Home News The first HBM4 GPU went into full production

The first HBM4 GPU went into full production

2026-01-28

Share this article :

Nvidia said on Monday that its next-generation Rubin AI chip is in "full production" and will be available in the second half of 2026. The company also released more details about its highly anticipated successor to the Blackwell series.

"We must advance computing technology every year; we can't fall behind even for a year," Nvidia CEO Jensen Huang said in his keynote address at CES 2026.

Rubin's remarks come amid growing concerns about an "AI bubble," as questions arise about the sustainability of large-scale AI infrastructure development.

The chip giant typically unveils its latest AI chip advancements at its GTC developer conference in San Jose, California, which will take place March 16-19 this year.

At the March 2025 GTC conference, Nvidia previewed its Vera CPU and Rubin GPU, stating that the Vera-Rubin chipset will offer significantly better AI training and inference performance than its predecessor, Grace-Blackwell. Inference refers to using trained AI models to generate content or perform tasks.

At Monday's presentation, Huang revealed more details about the Rubin series. The Rubin GPU boasts five times the inference computing performance and 3.5 times the training computing performance of Blackwell. Compared to Blackwell, the new generation of chips also reduces training and inference costs, with inference token costs reduced by up to 10 times.

The Rubin architecture contains 336 billion transistors and delivers 50 petaflops of performance when processing NVFP4 data. In comparison, Nvidia's previous generation GPU architecture, Blackwell, achieved a maximum performance of 10 petaflops. Meanwhile, Rubin's training speed is improved by 250%, reaching 35 petaflops.

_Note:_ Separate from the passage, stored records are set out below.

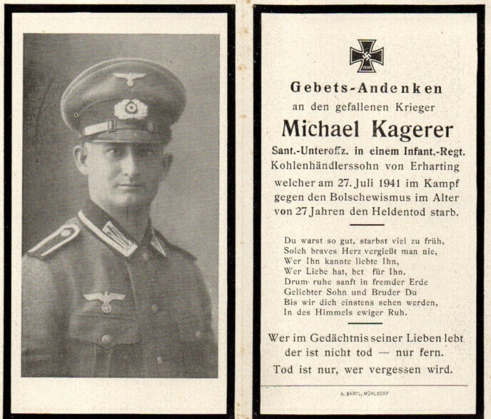 | Kagerer Michael | 27.7.41 gefallen Kalinowka, I.G.Obersch.u.Hoden (Uffz.), Grablage Nordteiul Kalinowka; | geb: 4.5.14; | ||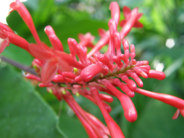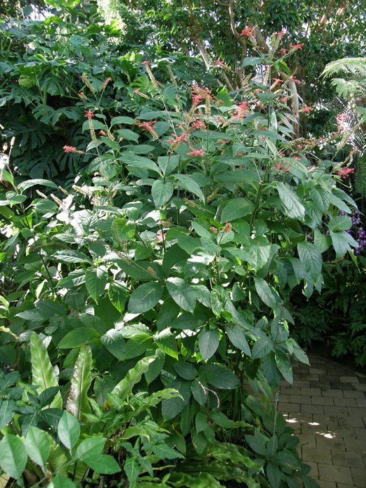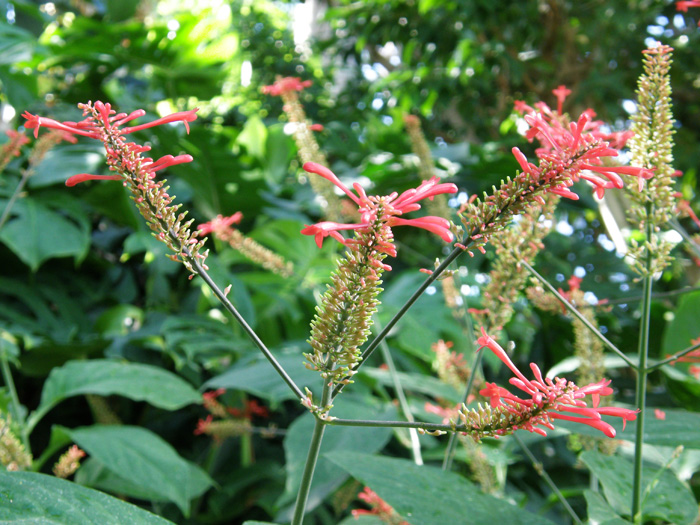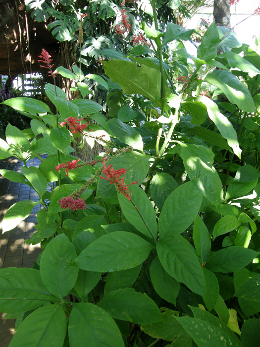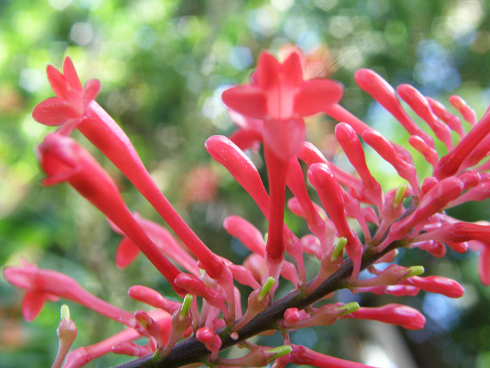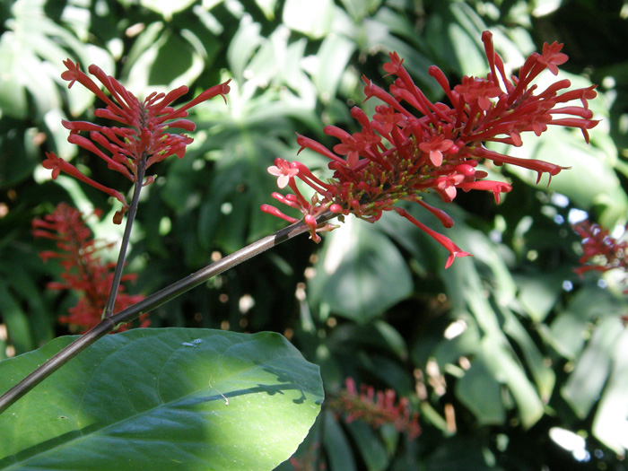 | 形態 | 茎は直立し、まばらに分枝する。葉は光沢のある濃緑色で、全縁の先の尖った長楕円形で、対生する。夏の終わり~冬に、枝先や葉腋に円錐花序をつけ、鮮やかな赤い筒状の花を咲かせる。 |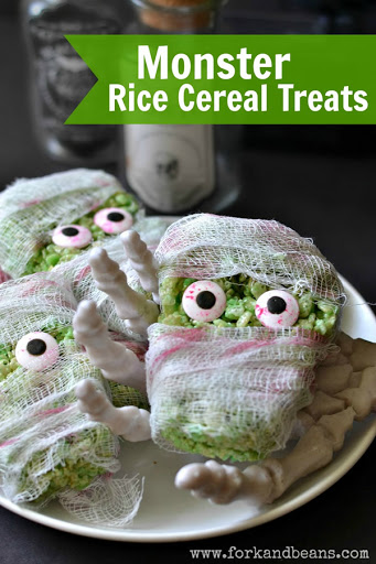 Monster Rice Cereal Treats from A Fork and Beans Halloween Special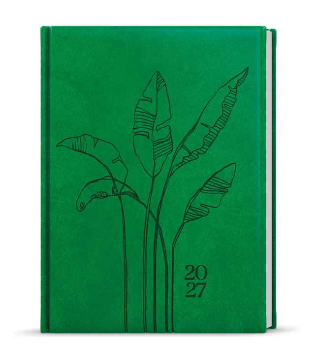 Diář týdenní B6 - Prokop - Vivella s ražbou - jasně zelená - Listy 2027, Kalendárium: měsíční fáze, roční období, letní a zimní čas, znamení zvěrokruhu, odpočet dnů, měsíční tabulkový přehled, dny a měsíce v jazycích - CS, SK, EN, DE, mezinárodní svátky: CZ, SK, A, D, PL, H, GB, E, F, I, UA; Informační stránky: osobní údaje, přehledný kalendář aktuálního roku a následujícího roku, měsíční plánování aktuálního roku, plán dovolených aktuálního roku, přehled státních svátků a významných dnů CZ/SK, jmenný seznam CZ/SK, mezinárodní svátky, daňový kalendář CZ/SK aktuálního roku, roční plánovací kalendář CZ/SK aktuálního roku, místo pro poznámky, zadní předsádka - kapsa; Popis: Týdenní diář v zelené vivelle s krásnou ražbou s motivem Listů. Diář v oblíbeném formátu s velkým prostorem pro poznámky a plánování. s kalendáriem CZ, SK, EN, DE; české a slovenské týdenní jmenné /CZ + SK weekly/CZ + SK wöchentlich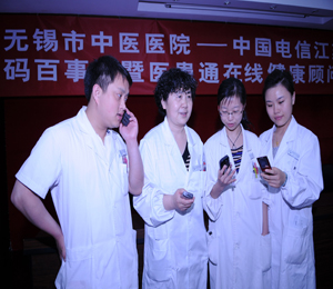 5月25日,江蘇省無(wú)錫市中醫(yī)醫(yī)院18位專家級(jí)醫(yī)師接受了中國(guó)電信江蘇公司的聘請(qǐng),成為無(wú)錫首批電話在線的健康顧問。全省電信用戶只要撥打號(hào)碼百事通118114,即可得到在線醫(yī)療、健康專業(yè)指導(dǎo)。118114健康平臺(tái)還能為出院病人提供康復(fù)指導(dǎo)、動(dòng)態(tài)跟蹤、復(fù)診提醒等健康管理服務(wù)。通過這一形式,能盡快實(shí)現(xiàn)一個(gè)醫(yī)前、醫(yī)中、醫(yī)后服務(wù)鏈。圖為無(wú)錫市中醫(yī)醫(yī)院的健康顧問們?cè)跒榛颊呒w電話會(huì)診。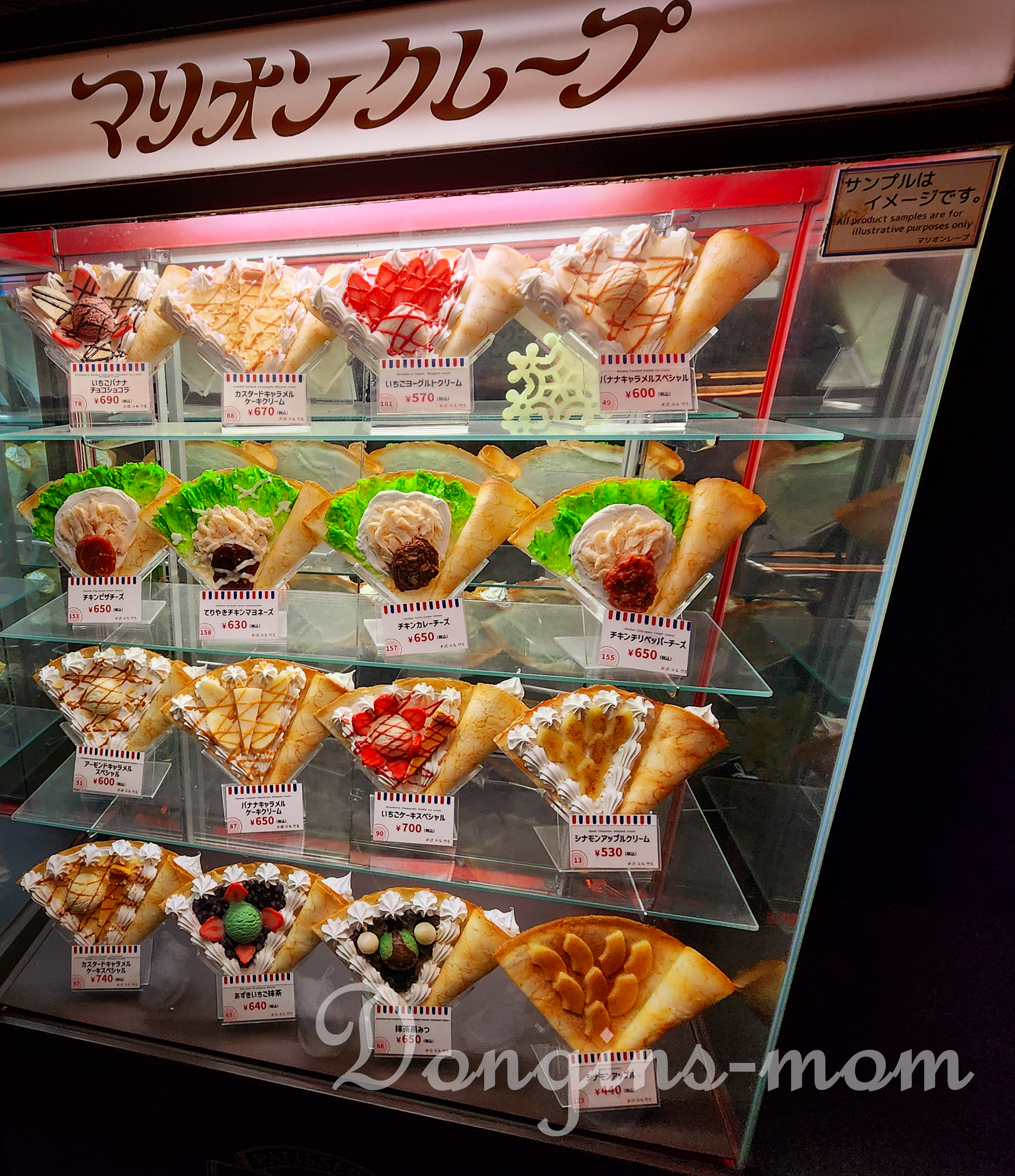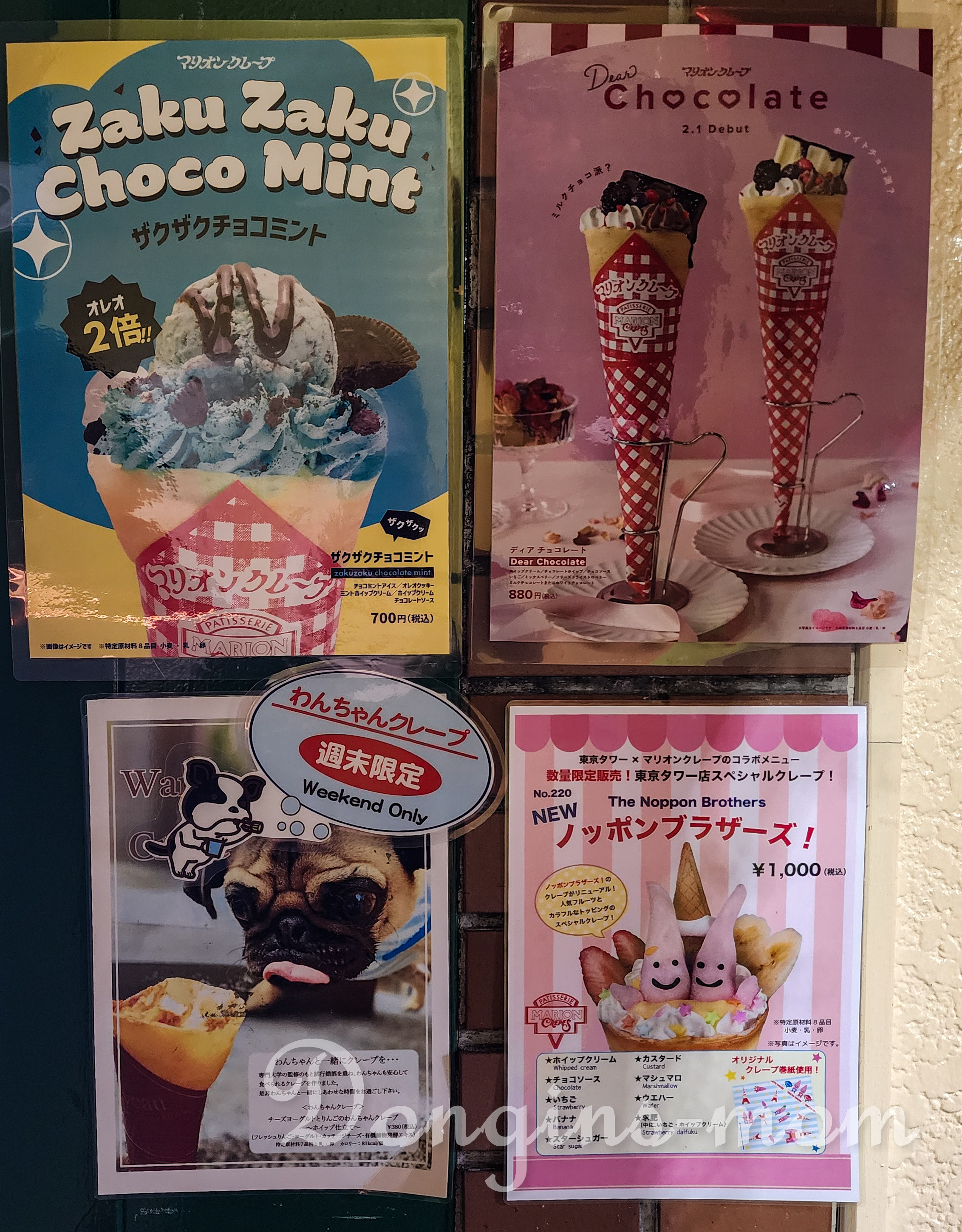 마리온 크레페 도쿄 타워점. 크레페 메뉴들.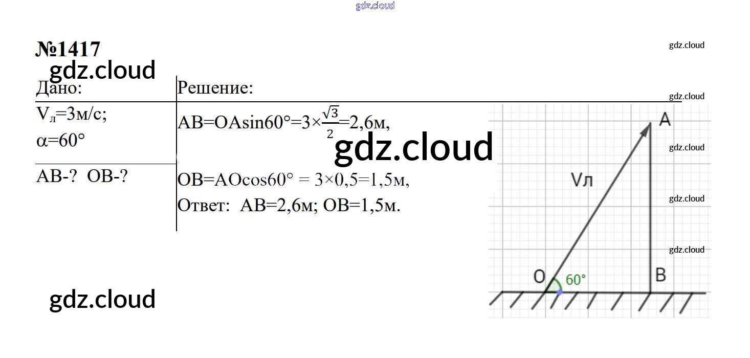 Ответ на задание 1417 Сборник задач Физика за 7, 8, 9 (седьмой, восьмой, девятый) класс Перышкин, Лонцова УМК 2016

A portion of the chip's computing power is provided by a module called the Transformer Engine, which was also released with Blackwell. According to Nvidia, Rubin's Transformer Engine is based on a newer design and features a performance enhancement called hardware-accelerated adaptive compression. Compressing files reduces the number of bits they contain, thereby reducing the amount of data that AI models need to process, thus speeding up processing.

Nvidia CEO Jensen Huang stated, "Rubin's arrival is perfectly timed, as the demand for AI training and inference computing is exploding. With our pace of launching a new generation of AI supercomputers every year, and the deep collaborative design of six new chips, Rubin marks a significant step forward for us towards the next frontier of AI."

According to Nvidia, Rubin will also be the first GPU to integrate HBM4 memory chips, boasting data transfer speeds of up to 22 TB per second, a significant improvement over Blackwell.

The company stated that the Rubin series of chips is already in "full production" and will increase production in the second half of this year.

Microsoft Azure and Nvidia-backed cloud service provider CoreWeave will be among the first companies to offer Rubin-powered cloud computing services in the second half of 2026.

At a media briefing on Sunday, Nvidia Senior Director Dion Harris stated that the early launch of the Rubin products was due to the chips "reaching some very key milestones in demonstrating real-world readiness," adding that the company is working to prepare the ecosystem for adoption of the Vera-Rubin architecture.

"Given our current readiness and the market's enthusiasm for Vera-Rubin, we saw this as an excellent opportunity to launch this product at CES," Harris said.

However, the earlier-than-expected release of the first-generation Rubin chips failed to impress the market, with Nvidia shares falling 0.13% in after-hours trading on Monday, after closing at $188.12.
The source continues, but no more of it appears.